House Chairperson of the National Assembly of South Africa
- Incumbent
- Assumed office 9 July 2024 Serving with Cedric Frolick, Zandile Majozi
- Speaker: Thoko Didiza

National Spokesperson of the Democratic Alliance
- In office 21 April 2023 – 15 July 2024 Serving with Solly Malatsi
- Leader: John Steenhuisen
- Preceded by: Siviwe Gwarube
- Succeeded by: Willie Aucamp Karabo Khakhau

Member of the National Assembly of South Africa
- Incumbent
- Assumed office 21 May 2014
- Constituency: Free State

Councillor of the Mangaung Metropolitan Municipality
- In office 2006–2014

Personal details
- Born: Werner Horn 12 May 1970 (age 55)
- Party: Democratic Alliance
- Occupation: Member of Parliament
- Profession: Politician

= Werner Horn (South African politician) =

South African politician

Werner Horn (born 12 May 1970) is a South African lawyer and politician who has been one of three House Chairpersons in the National Assembly of South Africa since July 2024. He has served as a Member of Parliament since May 2014 and before that, he was a councillor of the Mangaung Metropolitan Municipality between 2006 and 2014. Horn is a member of the Democratic Alliance.

==Career==
===Local politics===
Horn is a member of the Democratic Alliance.

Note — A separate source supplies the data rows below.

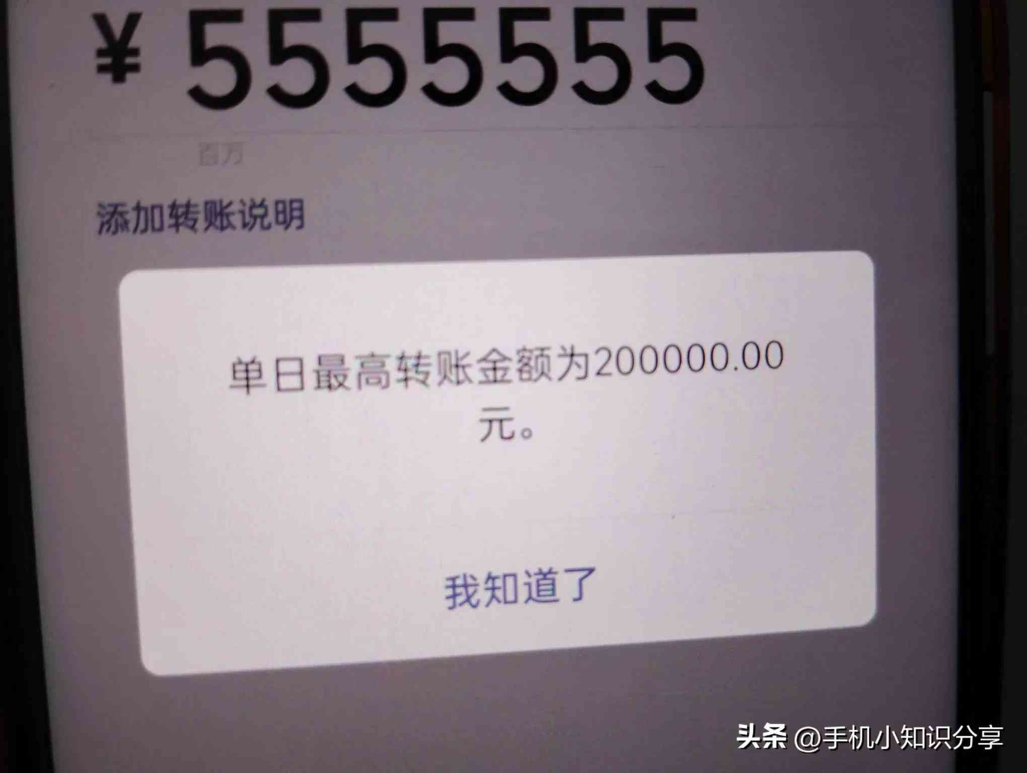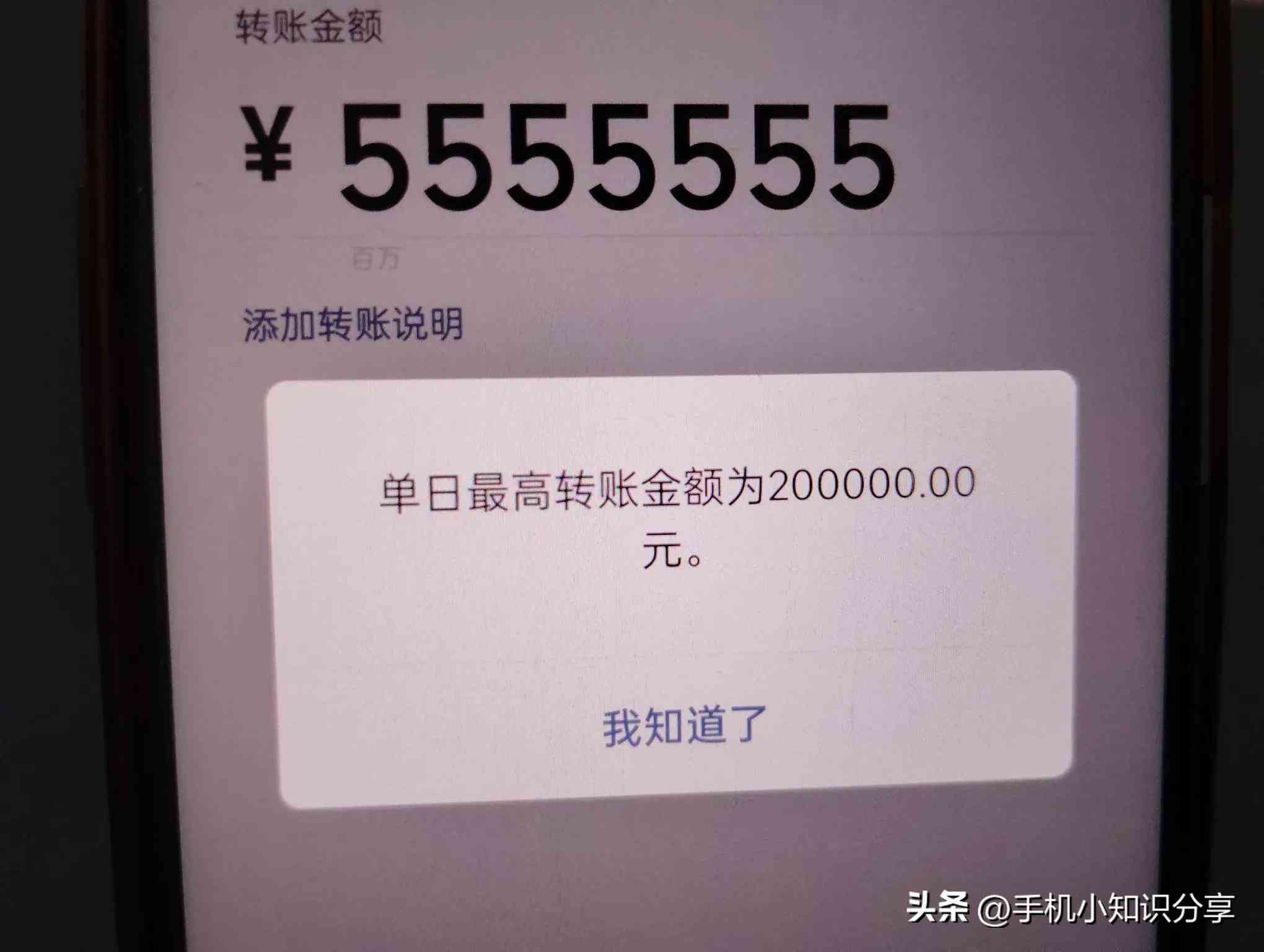 现在我们可知,银行卡单笔最高转账金额为 5 元,(如上图所示)
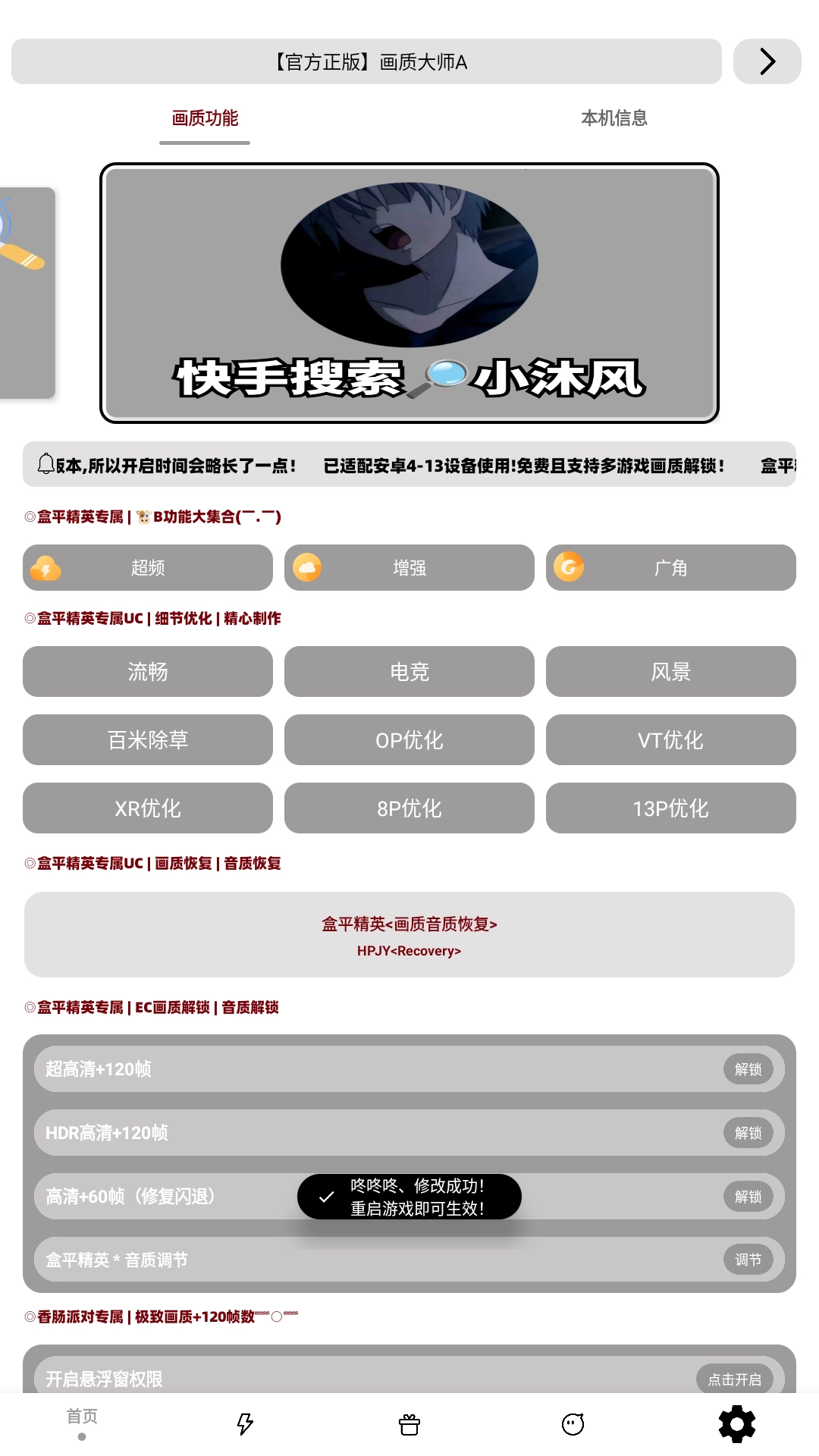 画质大师A手机版是一款用于提升游戏画质与流畅度的优化工具,也可称为“画质大师A小沐风”。它兼容多款游戏,像和平精英、香肠派对、黎明觉醒等都在支持范围内。该工具不仅能解锁游戏的最高帧数,还能最大限度地提升画质,对吃鸡类游戏的助力尤为显著。此外,画质大师A还配备了多种游戏辅助功能,例如和平精英的除草功能与广角功能,帮助用户轻松发现隐藏在草丛中的敌人。
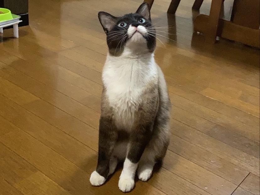 特徴⇒口の周りは白く、それ以外の顔は黒いです。体はグレーです。胴が長く、スラッとしています。4本足全てに白い靴下を履いているような模様があります。
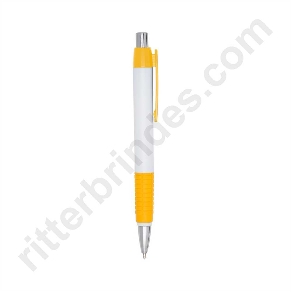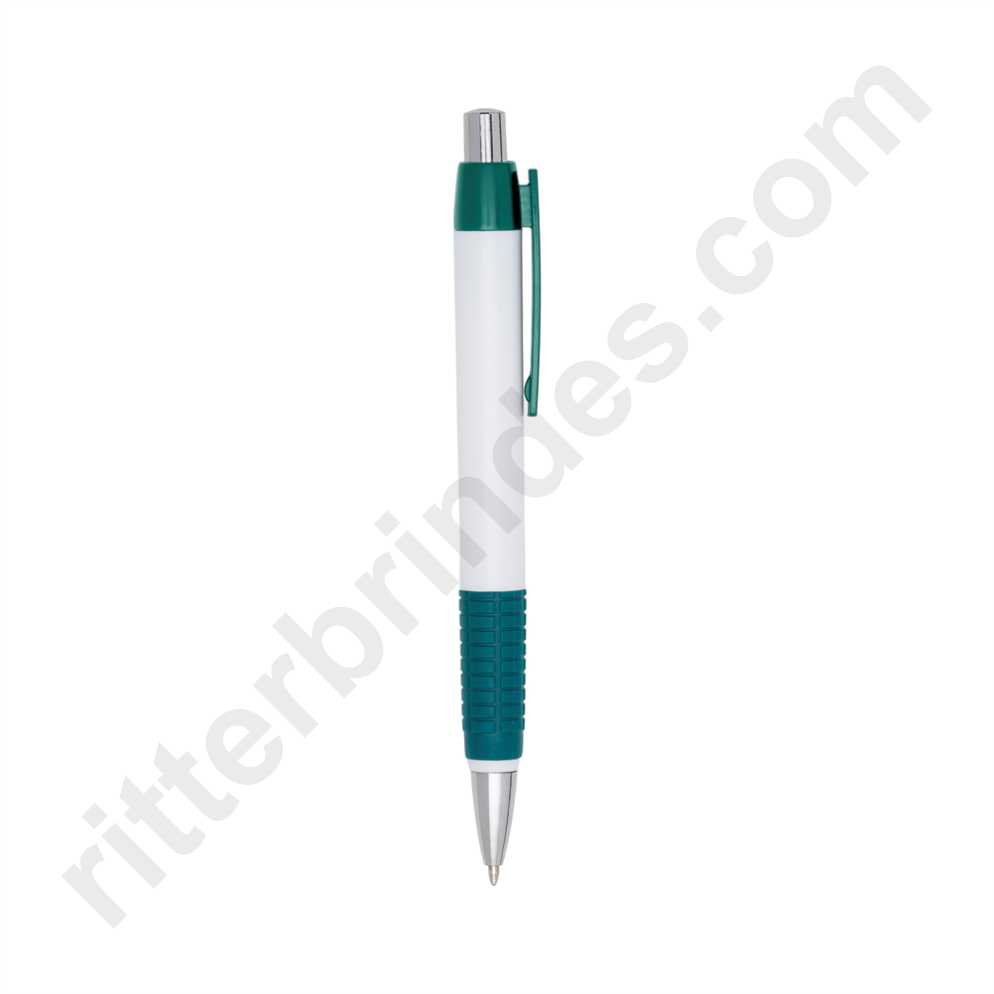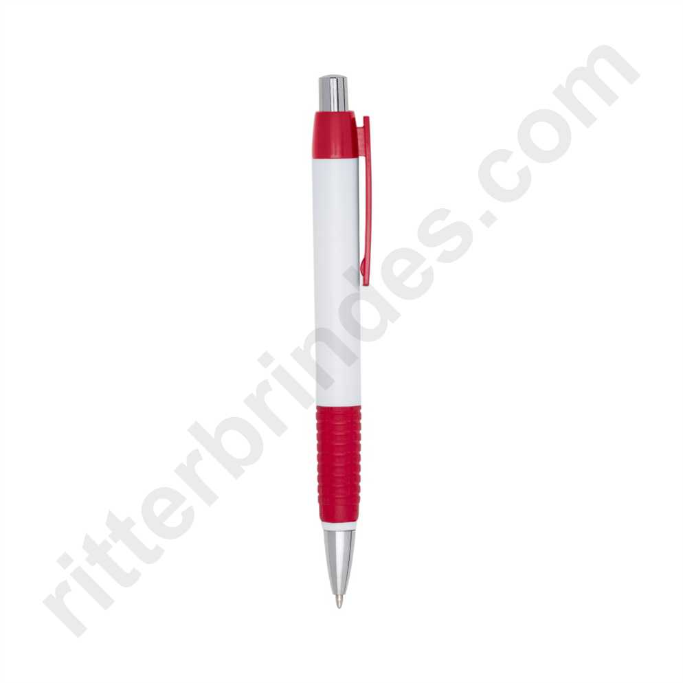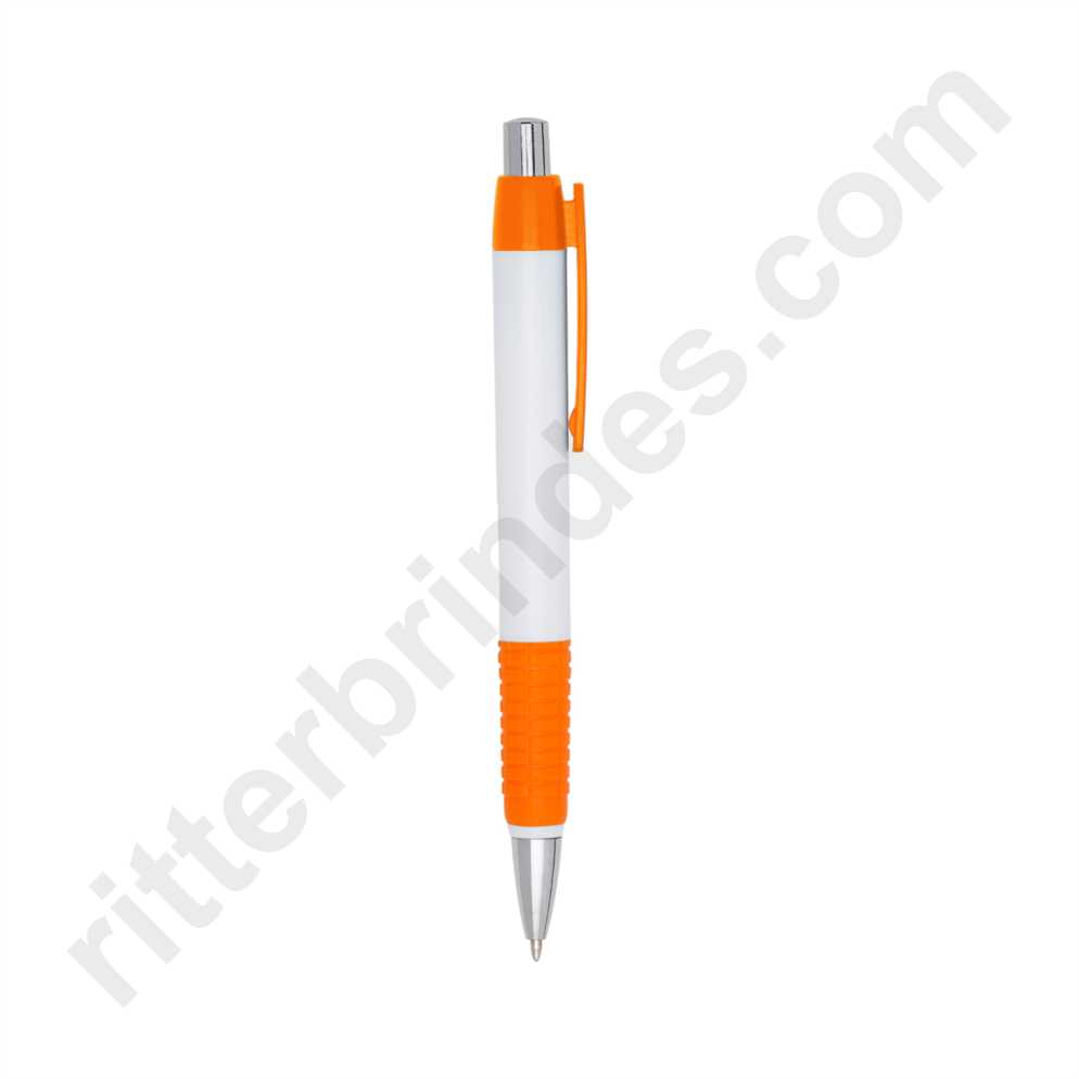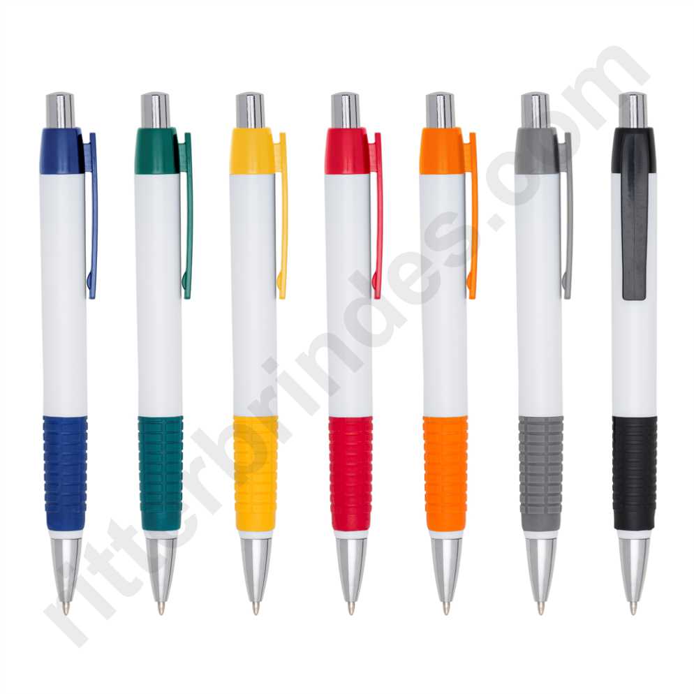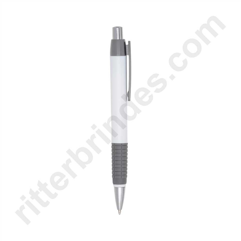 Caneta plástica corpo branco com detalhes coloridos. Clip plástico e detalhe inferior emborrachado com relevo, acionador e ponteira prateada(plástico). Aciona por clique.
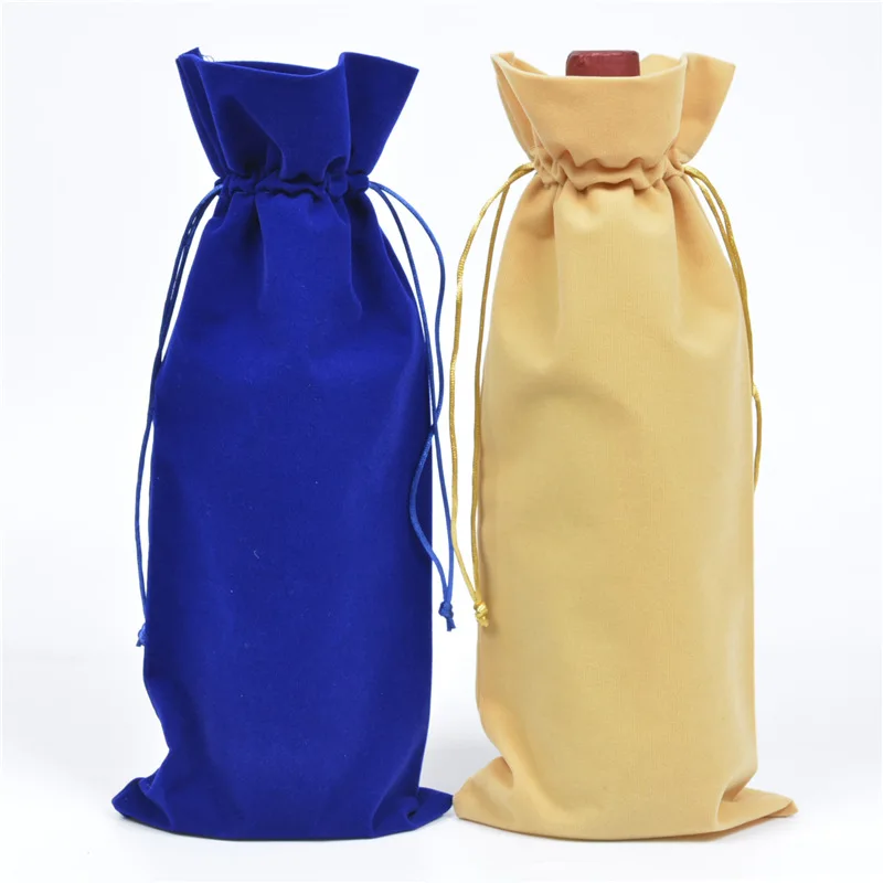 Discount 10pcs/lot Velvet Wine Champagne Bottle Cover Bags Party Favors Jewelry Packaging&Display Drawstring Gifts Bag 16x38cm Pouches
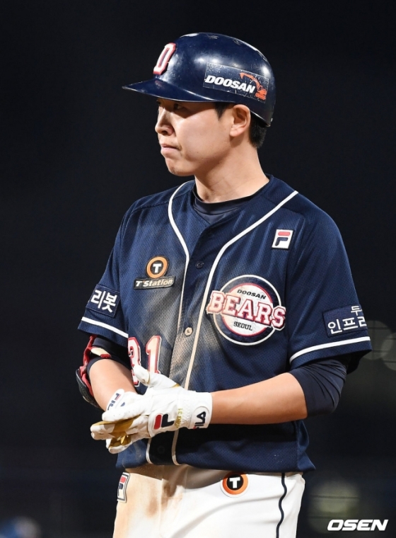 정수빈은 2020시즌을 마친 후 FA가 됐고, 두산과 6년 56억원에 계약하며 사실상 '종신 두산맨'이 됐다. 그러나 FA 첫 시즌은 올해 51경기에서 타율 0.197, 1홈런 16타점, OPS 0.573에 그치고 있다. 후반기로 한정하면 5경기에서 7타수 1안타, 타율 0.143이다. 전반기는 타율 0.200으로 마쳤는데 이마저도 깨졌다. '돈값' 소리가 나올 수밖에 없는 성적이다.
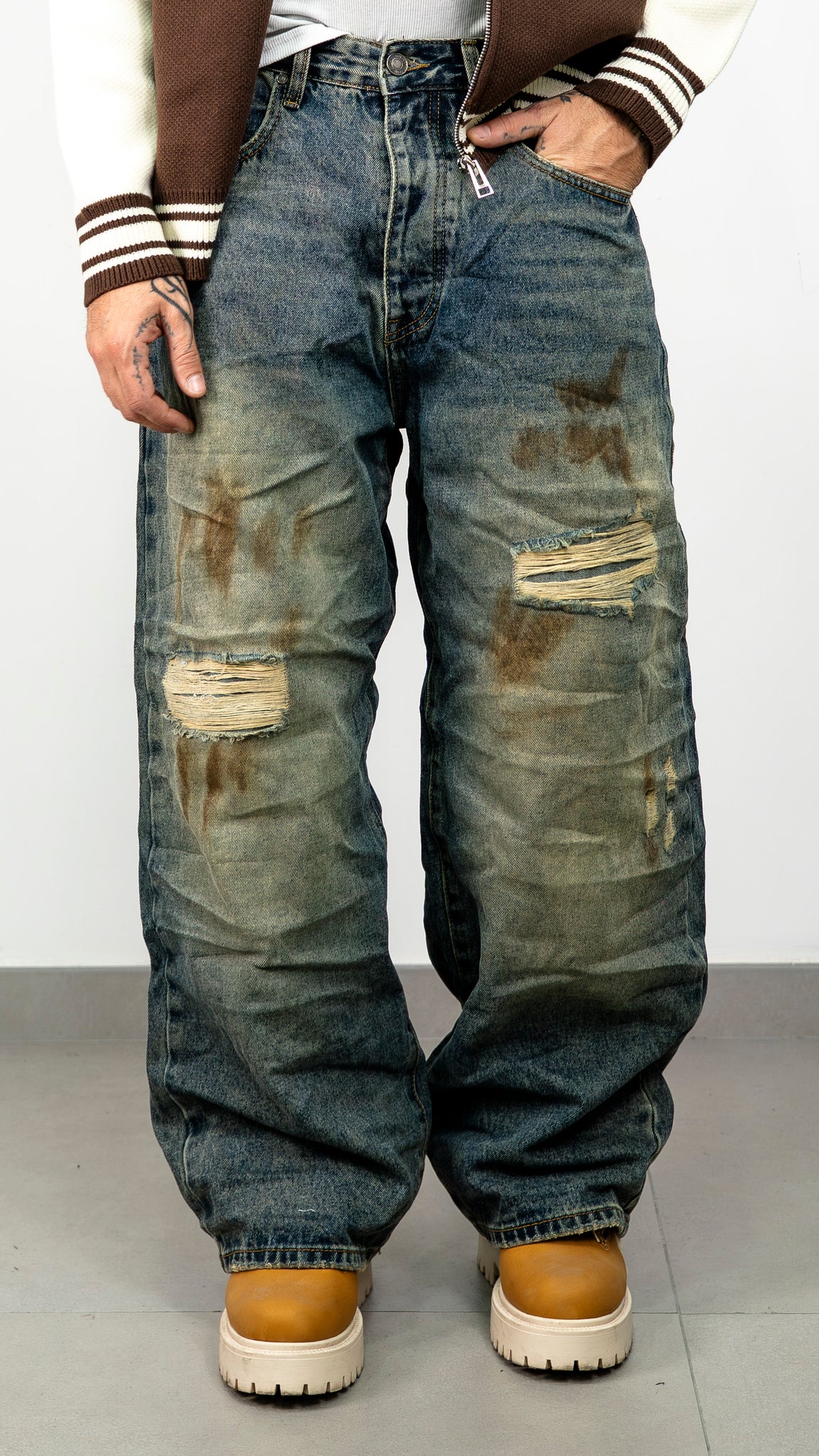 baggy sfumato doppio colore con rotture frontali
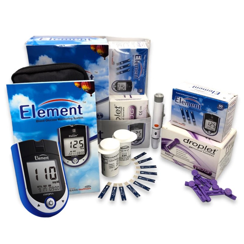 Glucómetro Element Kit + 50 Tiras Reactivas + 100 Lancetas
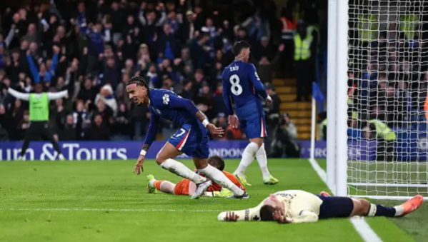 นาทีที่ 21 เชลซี มาออกนำ 1-0 จากจังหวะที่ มาโล กุสโต้ จ่ายทะลุช่องเข้าเขตโทษให้ โคล พาลเมอร์ ลากหลุดไปเอี้ยวตัวยิงด้วยเท้าซ้ายตุงตาข่าย

He was elected as a councillor of the Mangaung Metropolitan Municipality in March 2006. He was re-elected to a second term in May 2011.

===Parliamentary career===
Horn was elected to the National Assembly in the 7 May 2014 general election. He became an MP on 21 May 2014. He represents the Free State Province. On 5 June 2014, he was named Shadow Deputy Minister of the Justice and Correctional Services portfolios by the DA parliamentary leader, Mmusi Maimane. Horn served as the deputy for both Glynnis Breytenbach (Shadow Minister of Justice) and James Selfe (Shadow Minister of Correctional Services).

During his first term as an MP, he served as an Alternate Member of the Portfolio Committee on Justice and Constitutional Development. He was an Alternate Member of the Ad Hoc Committee to nominate a person for appointment of Public Protector between May 2016 and August 2016.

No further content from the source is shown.